[Start of Attachment]

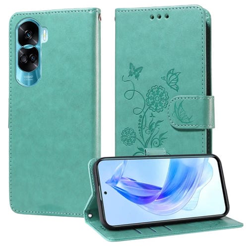 Funda de Cuero con Mariposas y Flores en Relieve para Honor X50I 5G/90 Lite (Verde)
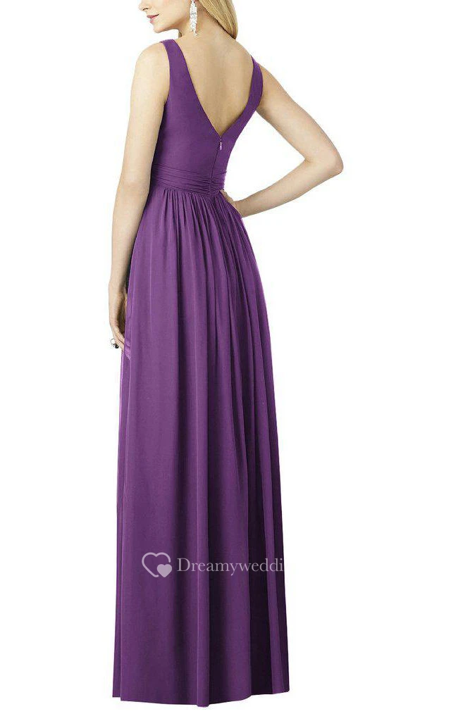 Square Neck Strapped Long Bridesmaid Dress with Ruching
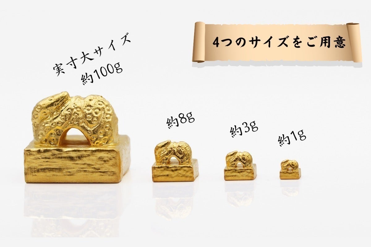 実寸大サイズは「一辺の平均2.347cm、総高2.236cm、重さ108.729g、体積6.0625cm³」に合わせて作った「約100g」の純金の金印です。こちらは、今回は販売はしておりませんので、イメージとなります。
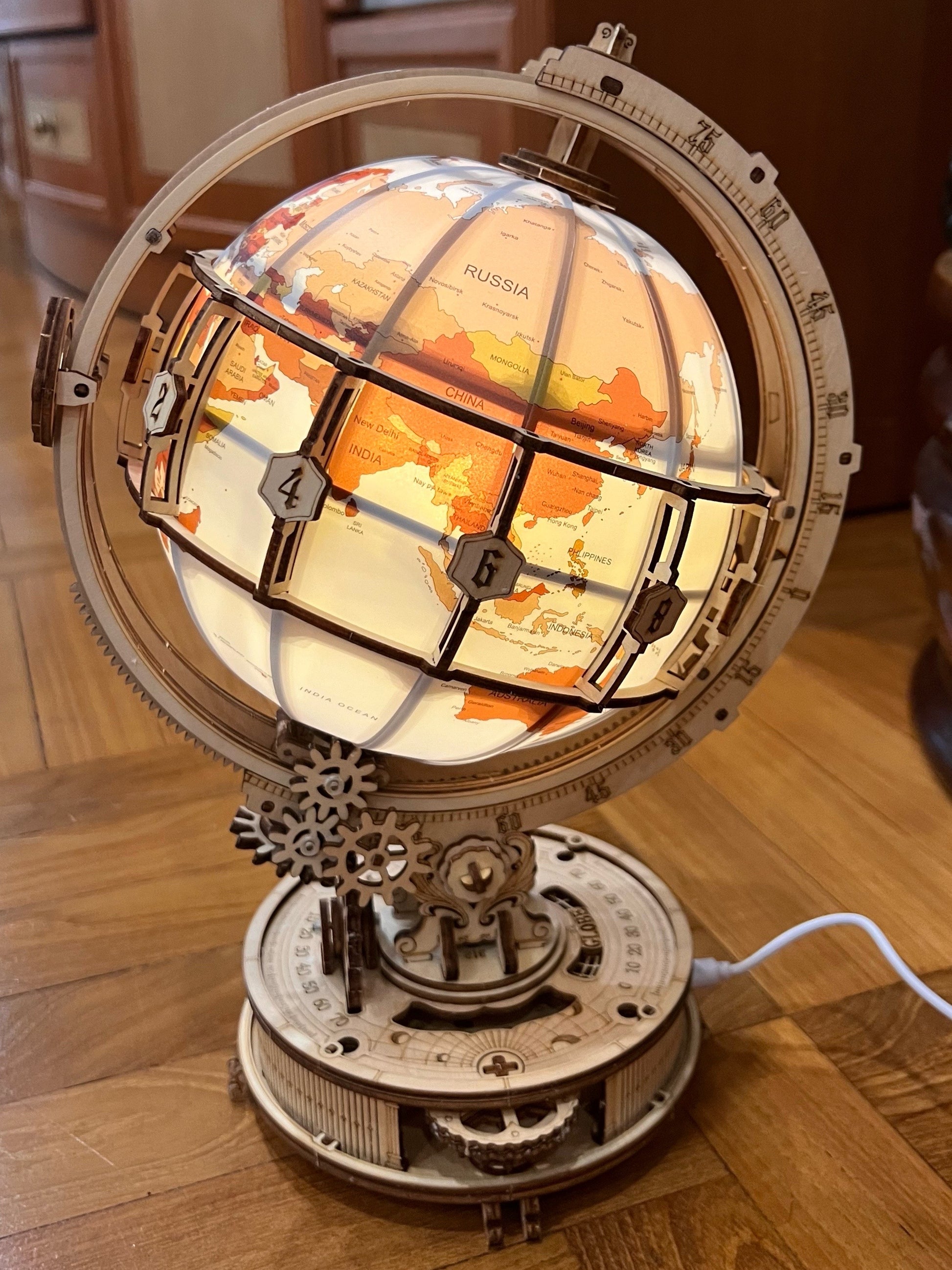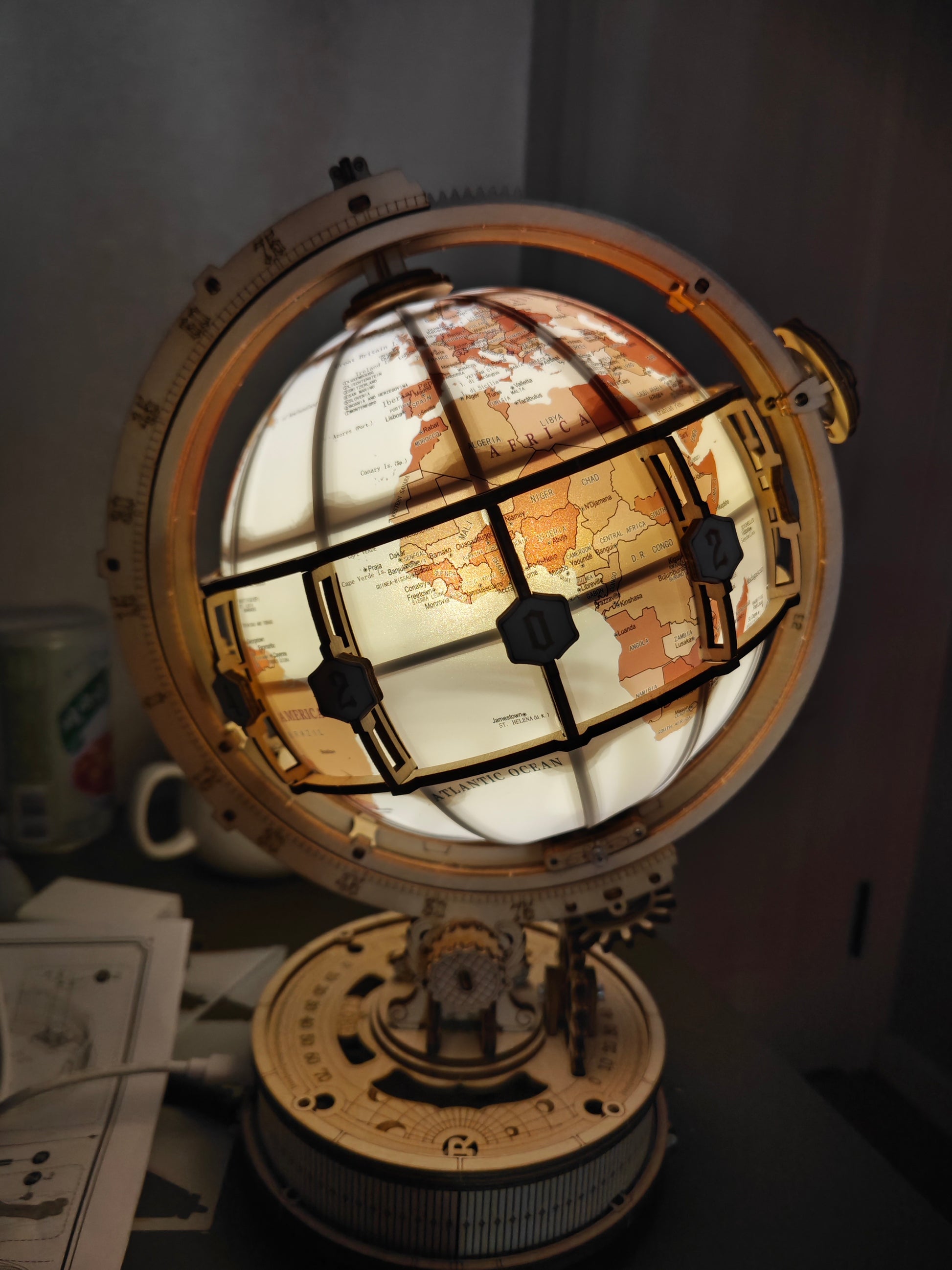 LASER CUTTING: The unique Interference Fit Process, combined with high-precision CO2 laser cutting technology, controls the error within five microns, ensuring consistent assembly accuracy under different temperature environments. NICELY DESIGNED STRUCTURES: The 25mm miniature magnifying glass allows for a better view of every detail on the globe's map. The dimensional engraving in gothic letters gives the whole piece a vintage look. The wave wheel activation structure allows you to experience a better feel when turning the globe. UNIQUE GIFT & STYLISH DECOR: A huge unique hands-on gift for any DIY lovers or any occasion like Christmas, Father's Day, Birthday. Luxury interior decor for your room and office. FEEL THE SENSE OF FULFILLMENT: Have fun in every DIY crafting from the building, crafting, or even re-decorating. It needs patience and dexterity, but also produces pleasure!
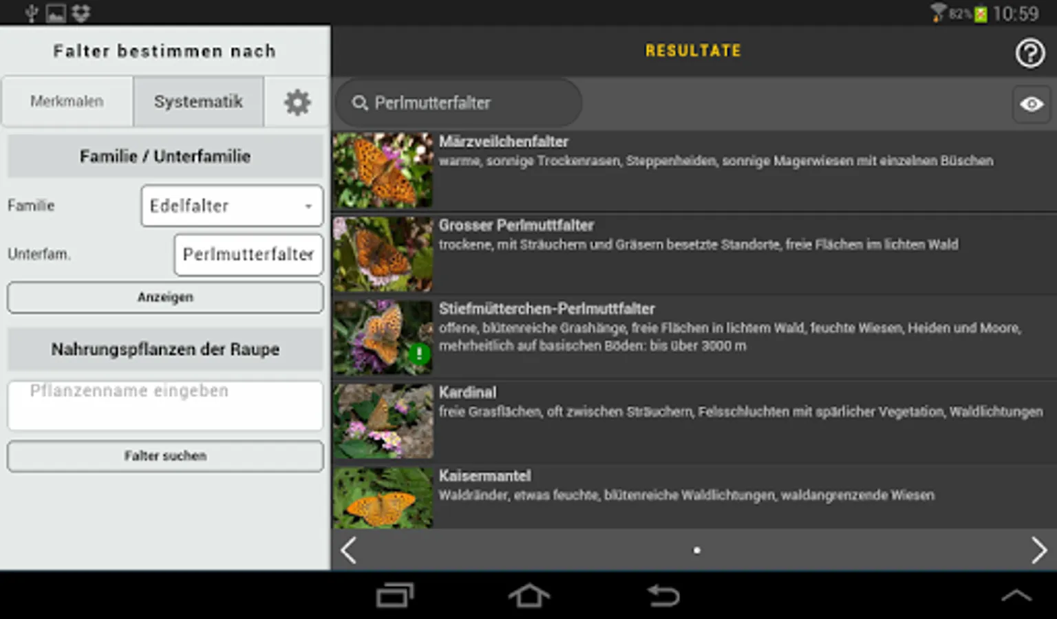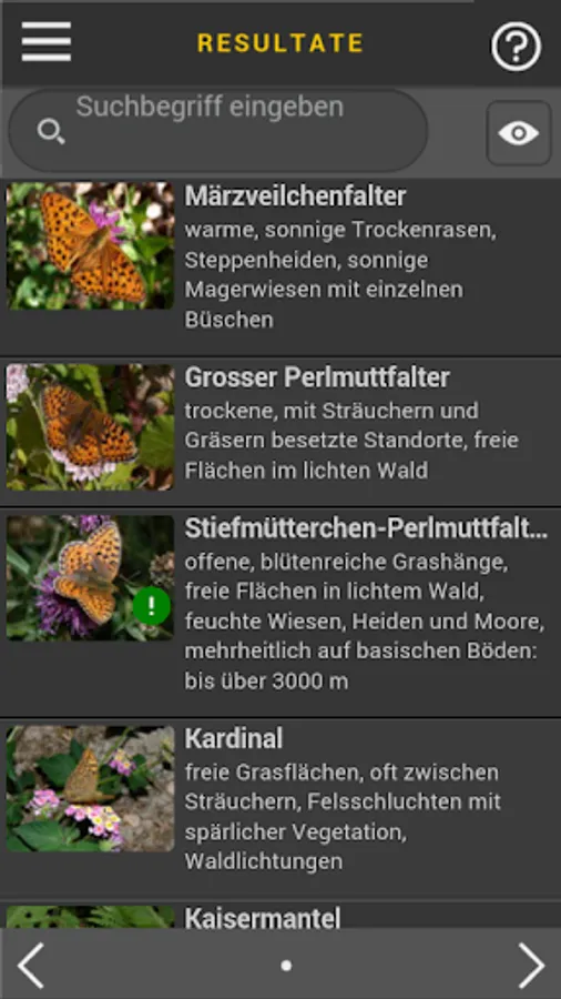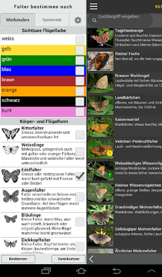 In the overview list, a search function by name (German or Latin) is integrated and butterflies can be marked as seen.

[End of Attachment]

§ Exercise prompt: Copy out the material exactly as it stands, though no picture should appear in the copy.

§ Response:
 Funda de Cuero con Mariposas y Flores en Relieve para Honor X50I 5G/90 Lite (Verde)
 Square Neck Strapped Long Bridesmaid Dress with Ruching
 実寸大サイズは「一辺の平均2.347cm、総高2.236cm、重さ108.729g、体積6.0625cm³」に合わせて作った「約100g」の純金の金印です。こちらは、今回は販売はしておりませんので、イメージとなります。
 LASER CUTTING: The unique Interference Fit Process, combined with high-precision CO2 laser cutting technology, controls the error within five microns, ensuring consistent assembly accuracy under different temperature environments. NICELY DESIGNED STRUCTURES: The 25mm miniature magnifying glass allows for a better view of every detail on the globe's map. The dimensional engraving in gothic letters gives the whole piece a vintage look. The wave wheel activation structure allows you to experience a better feel when turning the globe. UNIQUE GIFT & STYLISH DECOR: A huge unique hands-on gift for any DIY lovers or any occasion like Christmas, Father's Day, Birthday. Luxury interior decor for your room and office. FEEL THE SENSE OF FULFILLMENT: Have fun in every DIY crafting from the building, crafting, or even re-decorating. It needs patience and dexterity, but also produces pleasure!
 In the overview list, a search function by name (German or Latin) is integrated and butterflies can be marked as seen.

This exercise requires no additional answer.